* PROBLEM TO SOLVE:
Everything from the line with "Av. Légende hébraïque" to the line with "Faizabad (35 km)" in the listing below, both lines included, needs to be copied exactly, apart from the pictures.

* DATA TO EXAMINE:
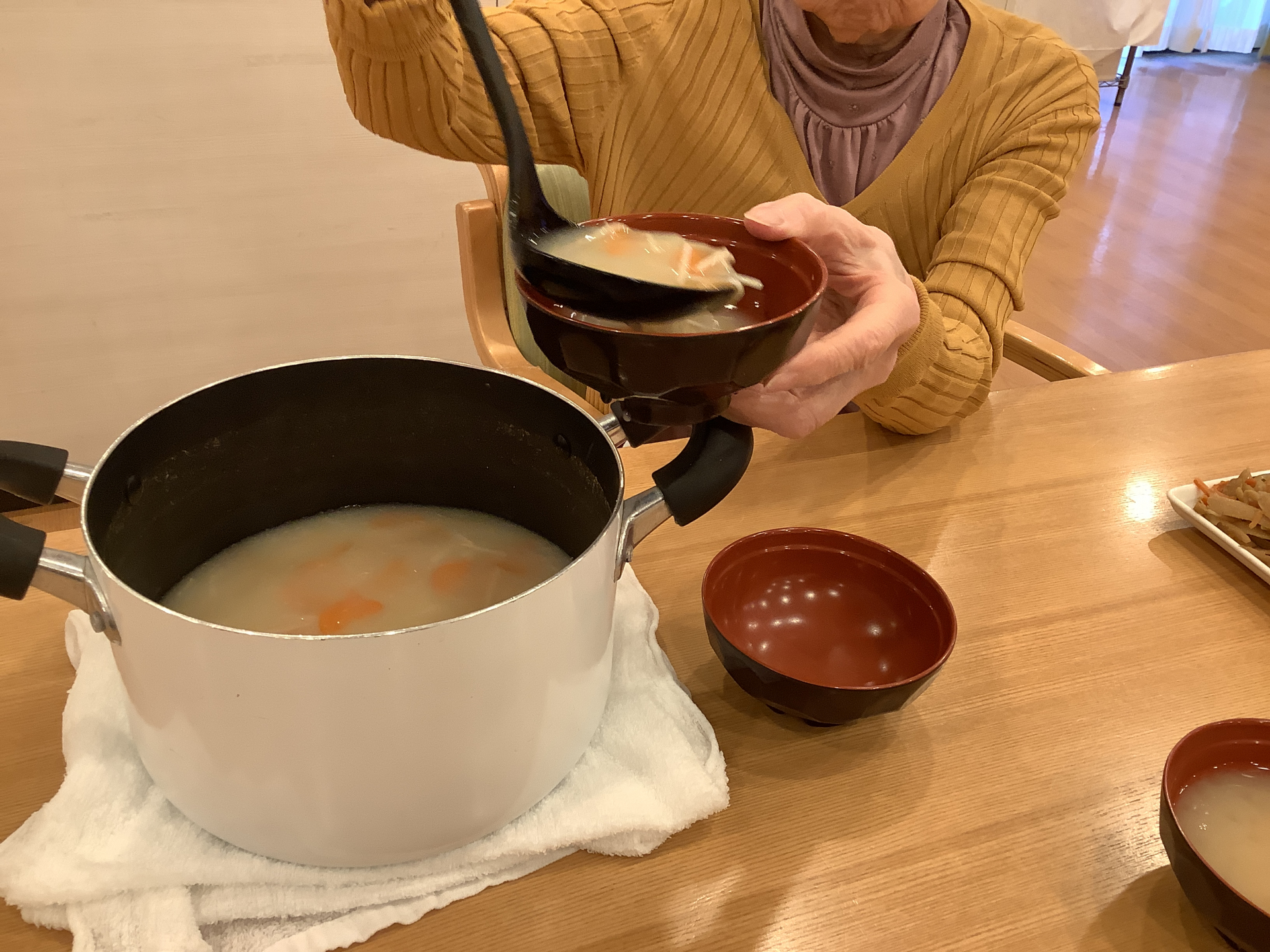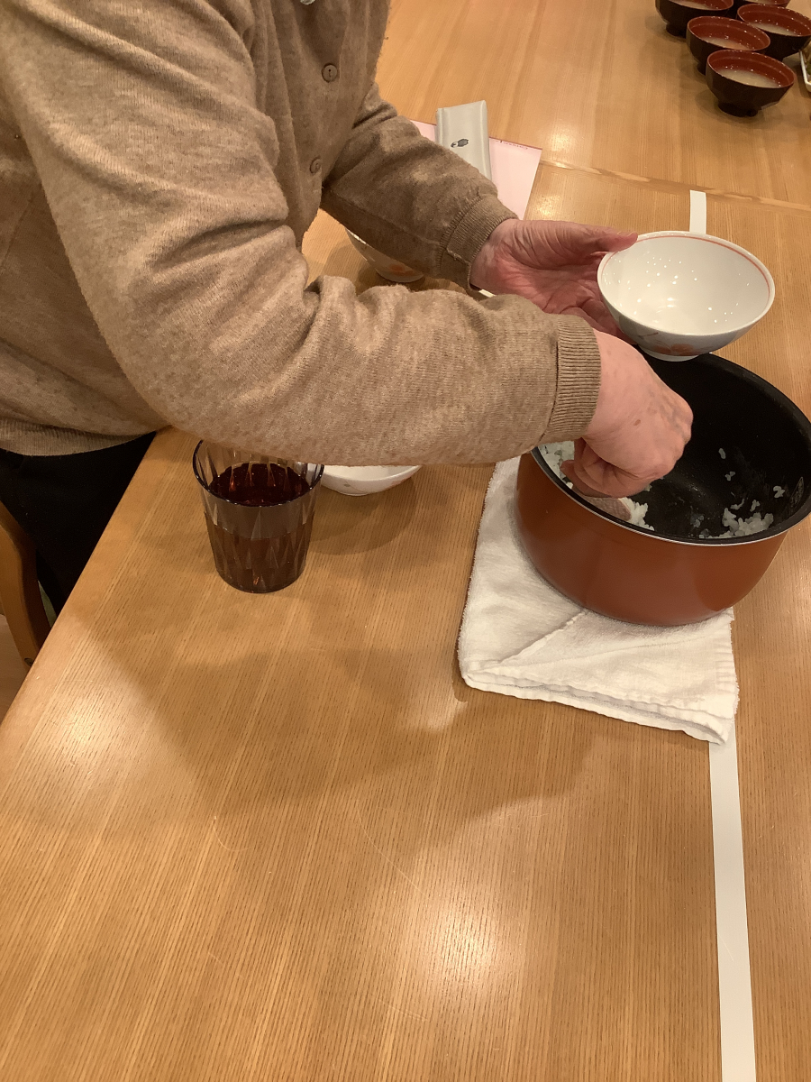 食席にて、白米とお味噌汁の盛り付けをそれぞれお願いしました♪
...
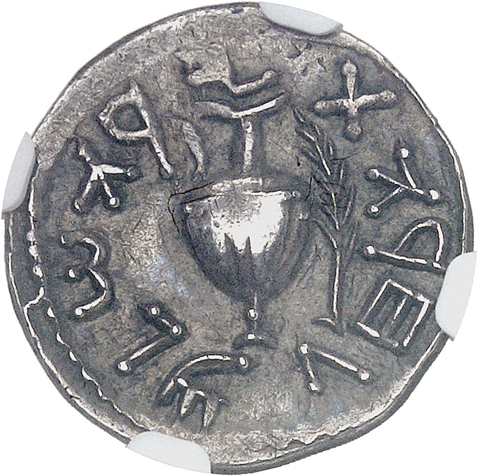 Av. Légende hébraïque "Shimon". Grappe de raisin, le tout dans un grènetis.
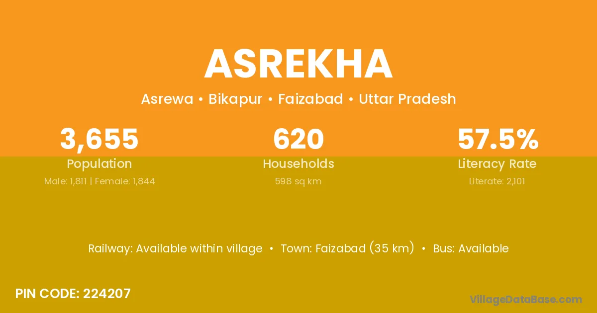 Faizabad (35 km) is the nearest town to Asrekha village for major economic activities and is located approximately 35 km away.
---
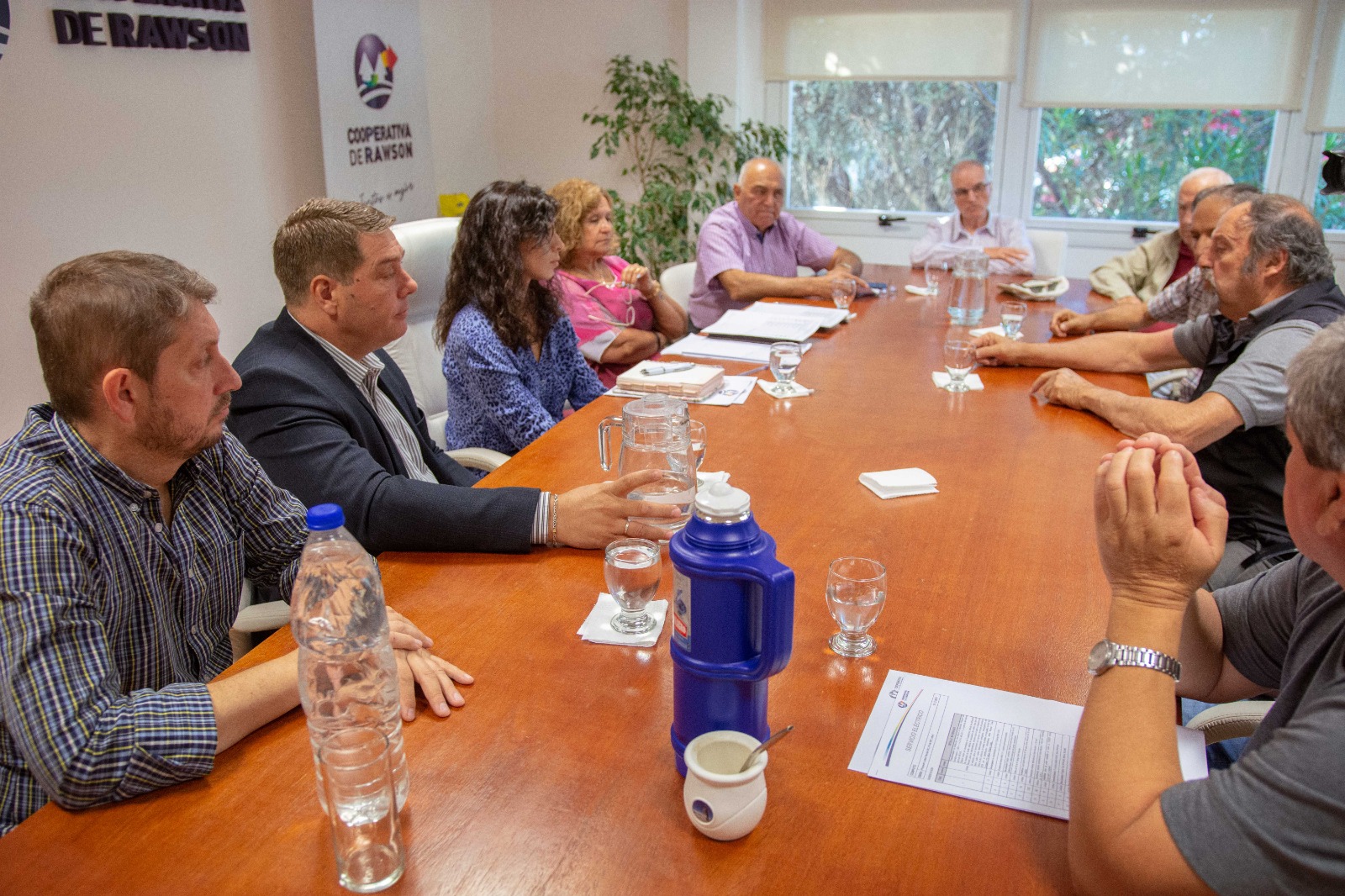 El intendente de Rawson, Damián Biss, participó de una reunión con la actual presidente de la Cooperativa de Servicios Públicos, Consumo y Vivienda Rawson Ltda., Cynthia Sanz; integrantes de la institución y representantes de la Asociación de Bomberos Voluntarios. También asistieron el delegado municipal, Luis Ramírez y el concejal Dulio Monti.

* SOLUTION:
 Av. Légende hébraïque "Shimon". Grappe de raisin, le tout dans un grènetis.
 Faizabad (35 km) is the nearest town to Asrekha village for major economic activities and is located approximately 35 km away.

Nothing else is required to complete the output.